一方で1990年代の『Santa Fe』のような記録は、グループファンダムではなく社会現象そのものが部数を押し上げたパターン。令和の坂道ブームとは、そもそも成り立ちが違う記録だと考えると納得がいきます。
これらの伝説の写真集、今から読む方法はある?
『Santa Fe』のような90年代の伝説的写真集は絶版・品薄になっているものも多く、電子版での復刻状況は作品によってまちまちです。一方で坂道グループ関連の比較的新しい写真集は、コミックシーモアの読み放題フルで対象になっていることがあります。

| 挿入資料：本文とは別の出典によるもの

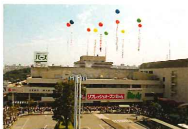
1983年に第二期オープンをした港南台バース

内容：「港南台バース」が高島屋港南台店とともに歩んだ36年間を振り返る写真を展示。社会の動きや出来事とともに紹介します。また、8月1日（土）～8月31日（月）の期間中は、抽選でバースお買物券が当たるクイズラリーも同時開催。（参加無料）

読み方の基本はグラビア写真集を無料で読む方法6選で解説した通り。気になるタイトルが見つかったら、まずは検索して対象かどうか確認してみてください。
よくある質問
グラビアの写真集の売上ランキング歴代1位は?
集計の物差しによって2つの答えがあります。全ジャンル通算の発行部数では宮沢りえさんの『Santa Fe』(155万部)、オリコンが集計を始めて以降の期間限定ランキングでは田中みな実さんの『Sincerely yours…』(489,743部)が1位です。
歴代女性アイドルの写真集売上ランキングは?
オリコン集計の期間内では、田中みな実さんを1位に、2位以下を坂道グループ(乃木坂46・欅坂46・櫻坂46・日向坂46)関連の作品が独占しています。個人写真集では生田絵梨花さんの『インターミッション』(初週178,688部)が特に強い数字を記録しました。
写真集というジャンルを超えた「日本一売れた本」は?
写真集の外まで含めると、黒柳徹子さんの『窓ぎわのトットちゃん』が800万部超と言われ、日本の書籍全体でもトップクラスの売上とされています。ただしこれは写真集というジャンルの外の話なので、ここでのランキングとは分けて考えてください。
まとめ:歴代1位は「物差し」で変わる
要点だけ、もう一度並べておきます。
- 全ジャンル通算の歴代1位は宮沢りえ『Santa Fe』(155万部、1991年)、30年以上破られていない
- オリコン令和集計の1位は田中みな実『Sincerely yours…』(489,743部)
- 2位〜10位は坂道グループ関連作品が独占、ファンダムの購買力の高さがそのまま数字に出ている
- 比較的新しい作品はシーモア読み放題フルの対象になっていることがある
歴代記録を眺めていると、写真集は「時代ごとに何が売れる理由になるか」を映す鏡のようなジャンルだと気づきます。今の推しの1冊を、あなたも記録の一部にしてみませんか。
本記事の売上部数・ランキング情報は、出版科学研究所およびオリコンの発表(2026年7月時点で確認できる範囲)に基づいています。集計期間や対象範囲は情報源により異なるため、あわせてご確認ください。